** Task requirements **
All that is wanted is the exact text of the lines below from the one with "Coach Madison Black" through the one with "商品名称:齐心 B2772 大号舒适大手柄剪刀 192mm", inclusive, minus any pictures.
═══ Data for analysis
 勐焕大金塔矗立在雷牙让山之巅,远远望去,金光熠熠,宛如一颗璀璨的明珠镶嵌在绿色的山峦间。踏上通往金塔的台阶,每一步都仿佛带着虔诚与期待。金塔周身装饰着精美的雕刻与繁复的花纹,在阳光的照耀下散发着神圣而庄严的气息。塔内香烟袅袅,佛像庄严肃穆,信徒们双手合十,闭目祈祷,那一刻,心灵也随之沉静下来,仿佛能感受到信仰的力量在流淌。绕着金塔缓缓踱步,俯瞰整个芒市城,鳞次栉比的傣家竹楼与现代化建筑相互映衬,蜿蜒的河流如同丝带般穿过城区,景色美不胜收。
══════
═══ Data for analysis
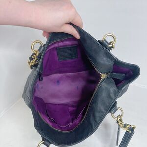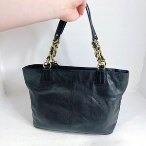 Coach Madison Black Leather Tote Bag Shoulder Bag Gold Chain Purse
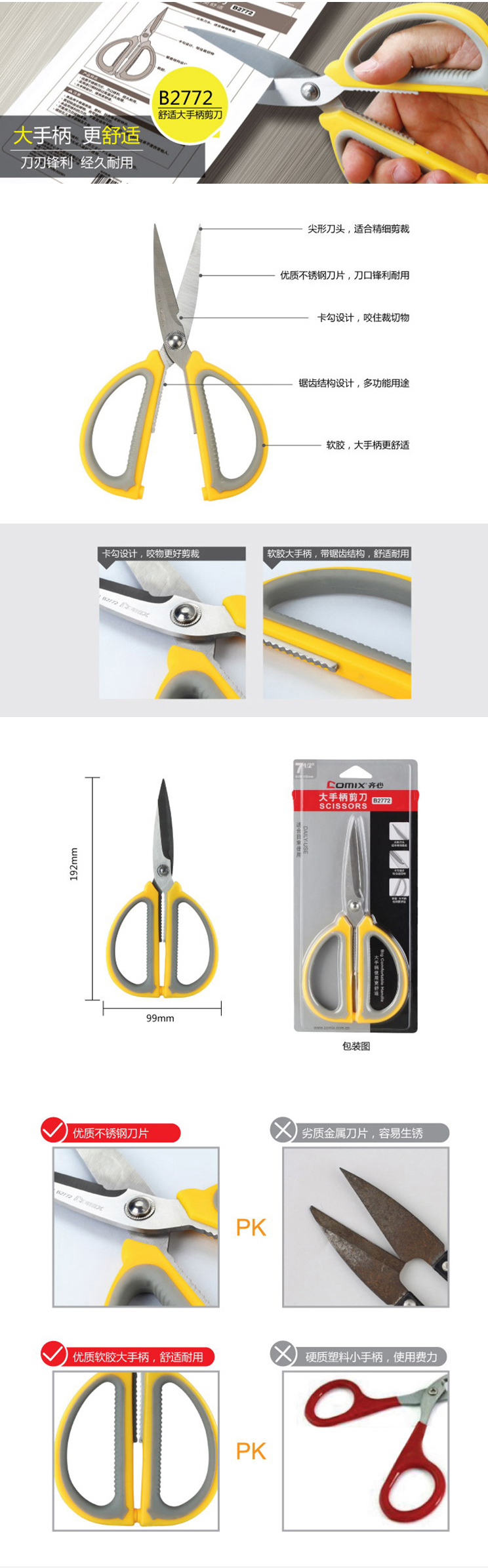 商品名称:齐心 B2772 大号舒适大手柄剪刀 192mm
══════
** Result below **
 Coach Madison Black Leather Tote Bag Shoulder Bag Gold Chain Purse
 商品名称:齐心 B2772 大号舒适大手柄剪刀 192mm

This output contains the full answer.